Re: No main class set in JAR; please specify one with --class and java.lang.ClassNotFoundException

2017-02-25 Thread Raymond Xie
That's right Anahita, however, the class name is not indicated in the
original github project so I don't know what class should be used here. The
github only says:
and then run the example
`$ bin/spark-submit --jars \
external/kafka-assembly/target/scala-*/spark-streaming-kafka-assembly-*.jar
\
examples/src/main/python/streaming/kafka_wordcount.py \
localhost:2181 test`
""" Can anyone give any thought on how to find out? Thank you very much in
advance.


**
*Sincerely yours,*


*Raymond*

On Sat, Feb 25, 2017 at 5:27 PM, Anahita Talebi 
wrote:

> You're welcome.
> You need to specify the class. I meant like that:
>
> spark-submit  /usr/hdp/2.5.0.0-1245/spark/lib/spark-assembly-1.6.2.2.5.0.
> 0-1245-hadoop2.7.3.2.5.0.0-1245.jar --class "give the name of the class"
>
>
>
> On Saturday, February 25, 2017, Raymond Xie  wrote:
>
>> Thank you, it is still not working:
>>
>> [image: Inline image 1]
>>
>> By the way, here is the original source:
>>
>> https://github.com/apache/spark/blob/master/examples/src/mai
>> n/python/streaming/kafka_wordcount.py
>>
>>
>> **
>> *Sincerely yours,*
>>
>>
>> *Raymond*
>>
>> On Sat, Feb 25, 2017 at 4:48 PM, Anahita Talebi <
>> anahita.t.am...@gmail.com> wrote:
>>
>>> Hi,
>>>
>>> I think if you remove --jars, it will work. Like:
>>>
>>> spark-submit  /usr/hdp/2.5.0.0-1245/spark/l
>>> ib/spark-assembly-1.6.2.2.5.0.0-1245-hadoop2.7.3.2.5.0.0-1245.jar
>>>
>>>  I had the same problem before and solved it by removing --jars.
>>>
>>> Cheers,
>>> Anahita
>>>
>>> On Saturday, February 25, 2017, Raymond Xie 
>>> wrote:
>>>
 I am doing a spark streaming on a hortonworks sandbox and am stuck here
 now, can anyone tell me what's wrong with the following code and the
 exception it causes and how do I fix it? Thank you very much in advance.

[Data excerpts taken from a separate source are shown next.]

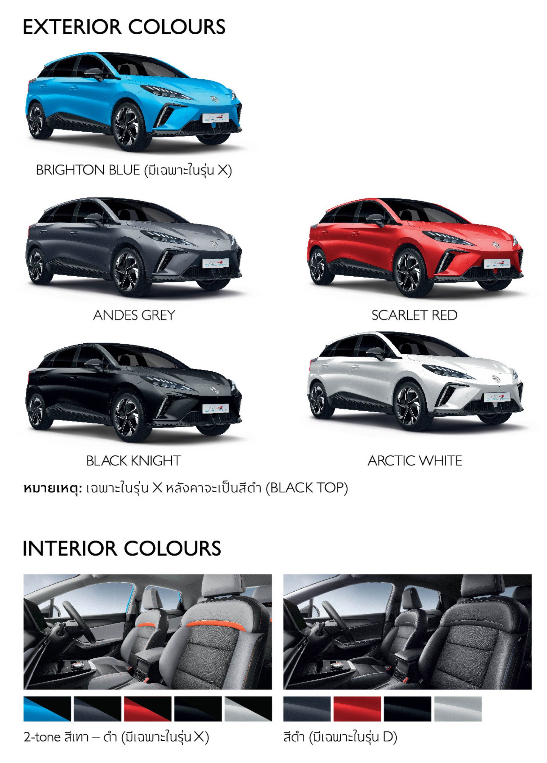 รถไฟฟ้า NEW MG4 ELECTRIC ICON ออกมาให้จับจองช่วงปลายปี 2022 ที่งาน THAILAND INTERNATIONAL MOTOR EXPO 2022 โดยมีให้เลือกจับจองทั้งหมด 5 สีแยกเป็น 2 รุ่นคือ รุ่น D และรุ่น X ซึ่งทั้ง 2 รุ่นนี้แทบจะเหมือนกันเลย หากดูตาม Specification แล้วจะเห็นว่า ภายนอก จะต่างกันเรื่องสีบนหลังคา คือรุ่น X จะมีหลังคา BLACK TOP สีดำทั้งหมด และมีสีเพิ่มขึ้นมาอีกสี คือ สี BRIGHTON BLUE นอกจากนั้นสิ่งที่ต่างกันสำหรับรุ่น D และรุ่น X คือระบบอำนวยความสะดวก และระบบช่วยเหลือความปลอดภัยต่างๆ ซึ่งจะมีรายละเอียดให้ดูดังตารางต่อไป
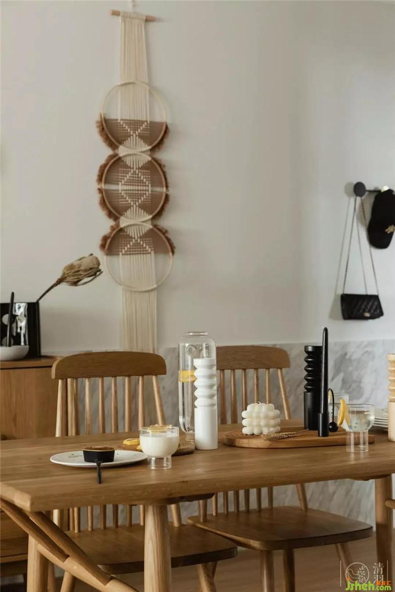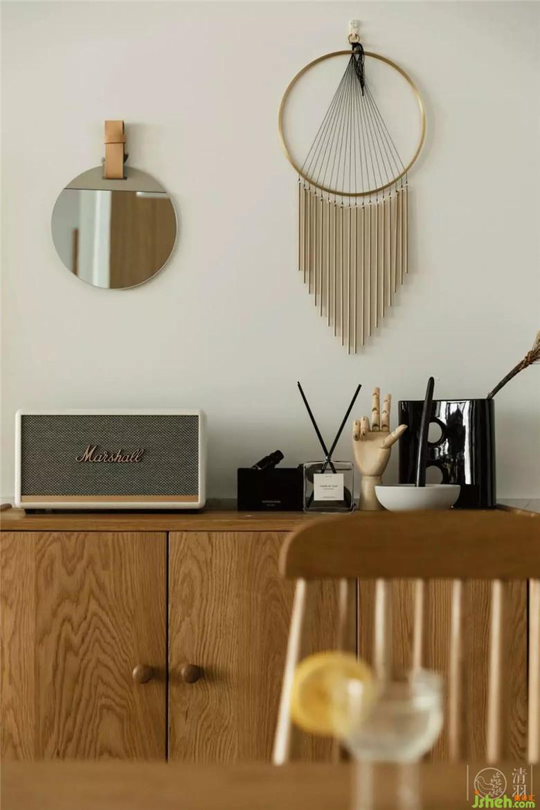 墙面的装饰选择与主色调同色系的编织品,降低整个空间中的冲突感。
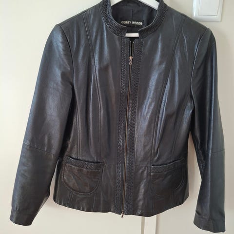 Gerry Weber naisten nahkatakki, koko 36. Väri musta. Materiaalina päällinen nahkaa, vuori tekokuitua (polyesteriä ja asetattia pesuohjeen mukaan). Malli on lyhyehkö ja vartalonmyötäinen, ilman kaulusta, edessä vetoketju ja koristetikkauksia. Sopii käytettäväksi arjessa ja siistimpänä takkina esimerkiksi housujen tai hameen kanssa.
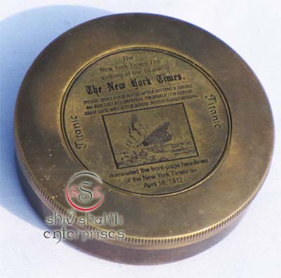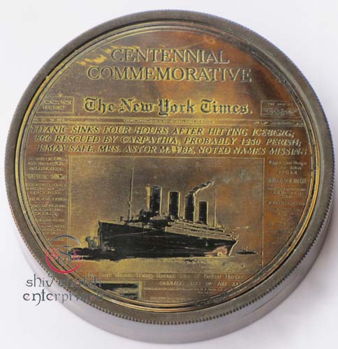 Antique Titanic CompassBrass Compass with Removable Lid is a beautiful solid brass reproduction of an brass air-damped compass. Under the Lid poem is engraved. compass needle settles to North very quickly for timely and accurate readings.
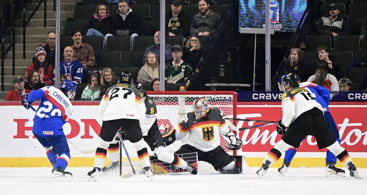 Duitsland, met onder anderen Carlos Händel (nog niet gedraft) in de defensie, wist pas halverwege de derde periode te scoren via Dustin Willhoft (nog niet gedraft). In de slotfase gooide Adam Beluško (nog niet gedraft) de wedstrijd definitief in het slot met een empty-net goal.
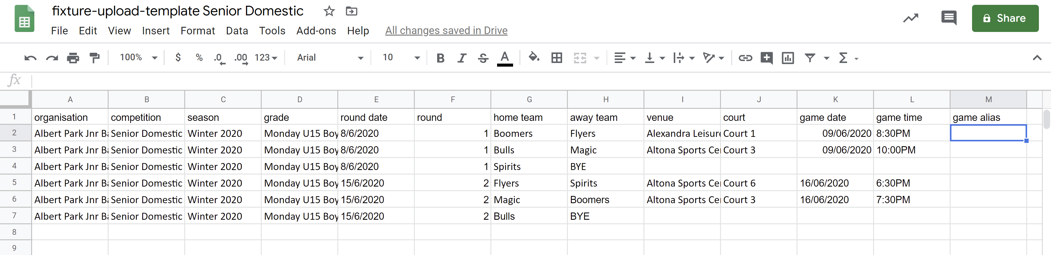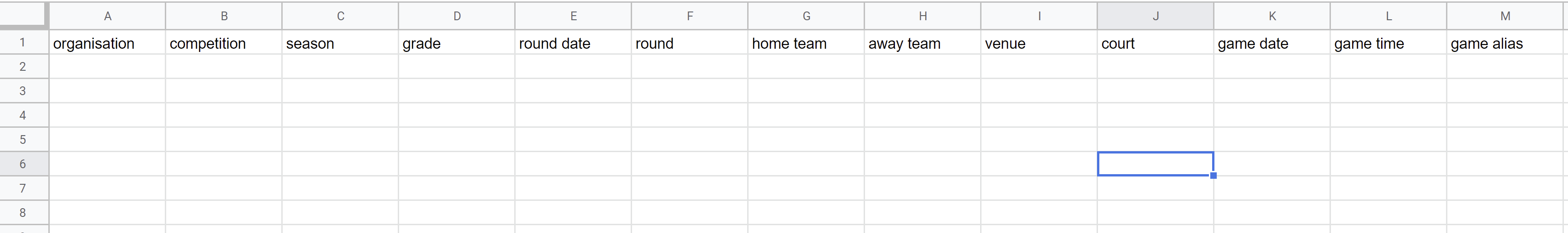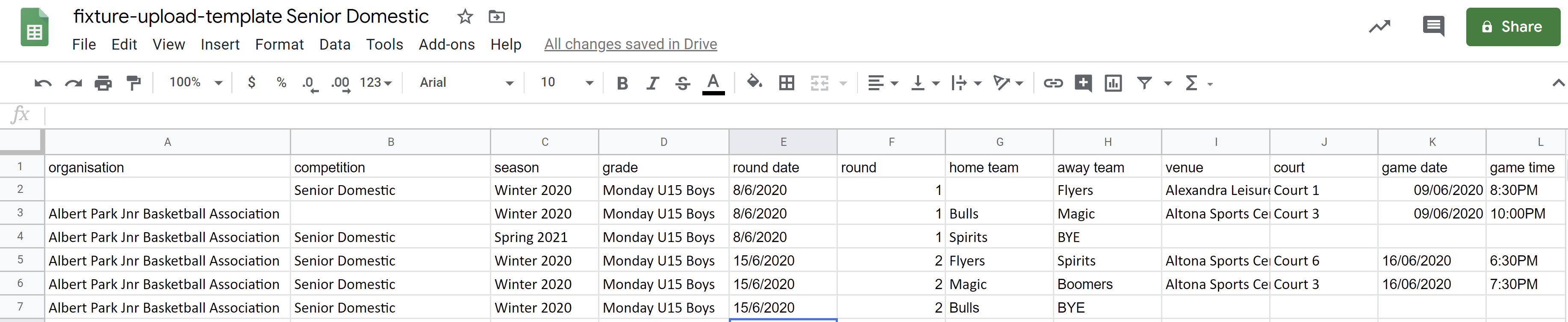 Download the CSV Fixture template and populate it with your fixture details. The template includes the correct column names that are expected when completing a fixture upload:
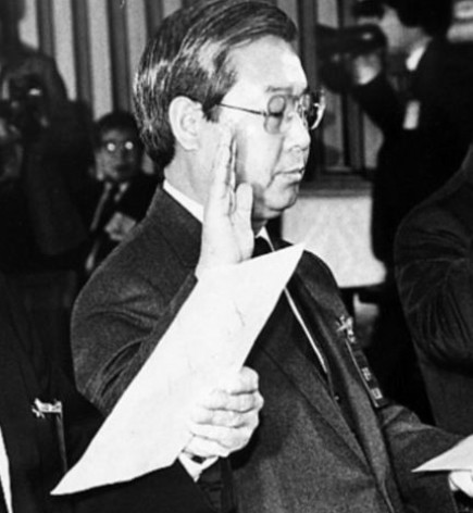 해당 모습은 1988년 12월14일 국회에서 열린 ‘일해재단 비리 청문회’에서 장세동 전 청와대 경호실장이 증인 선서를 하고 있는 사진이다.

 spark-submit --jars /usr/hdp/2.5.0.0-1245/spark/li
 b/spark-assembly-1.6.2.2.5.0.0-1245-hadoop2.7.3.2.5.0.0-1245.jar
  /usr/hdp/2.5.0.0-1245/kafka/libs/kafka-streams-0.10.0.2.5.0.0-1245.jar
 /root/hdp/kafka_wordcount.py 192.168.128.119:2181 test

 Error:
 No main class set in JAR; please specify one with --class


 spark-submit --class /usr/hdp/2.5.0.0-1245/spark/li
 b/spark-assembly-1.6.2.2.5.0.0-1245-hadoop2.7.3.2.5.0.0-1245.jar
  /usr/hdp/2.5.0.0-1245/kafka/libs/kafka-streams-0.10.0.2.5.0.0-1245.jar
 /root/hdp/kafka_wordcount.py 192.168.128.119:2181 test

 Error:
 java.lang.ClassNotFoundException: /usr/hdp/2.5.0.0-1245/spark/li
 b/spark-assembly-1.6.2.2.5.0.0-1245-hadoop2.7.3.2.5.0.0-1245.jar

 spark-submit --class  /usr/hdp/2.5.0.0-1245/kafka/l
 ibs/kafka-streams-0.10.0.2.5.0.0-1245.jar
 /usr/hdp/2.5.0.0-1245/spark/lib/spark-assembly-1.6.2.2.5.0.0
 -1245-hadoop2.7.3.2.5.0.0-1245.jar  /root/hdp/kafka_wordcount.py
 192.168.128.119:2181 test

 Error:
 java.lang.ClassNotFoundException: /usr/hdp/2.5.0.0-1245/kafka/li
 bs/kafka-streams-0.10.0.2.5.0.0-1245.jar

 **
 *Sincerely yours,*


 *Raymond*

>>>
>>


Re: No main class set in JAR; please specify one with --class and java.lang.ClassNotFoundException

2017-02-25 Thread Anahita Talebi
You're welcome.
You need to specify the class. I meant like that:

spark-submit  /usr/hdp/2.5.0.0-1245/spark/lib/spark-assembly-1.6.2.2.5.0.
0-1245-hadoop2.7.3.2.5.0.0-1245.jar --class "give the name of the class"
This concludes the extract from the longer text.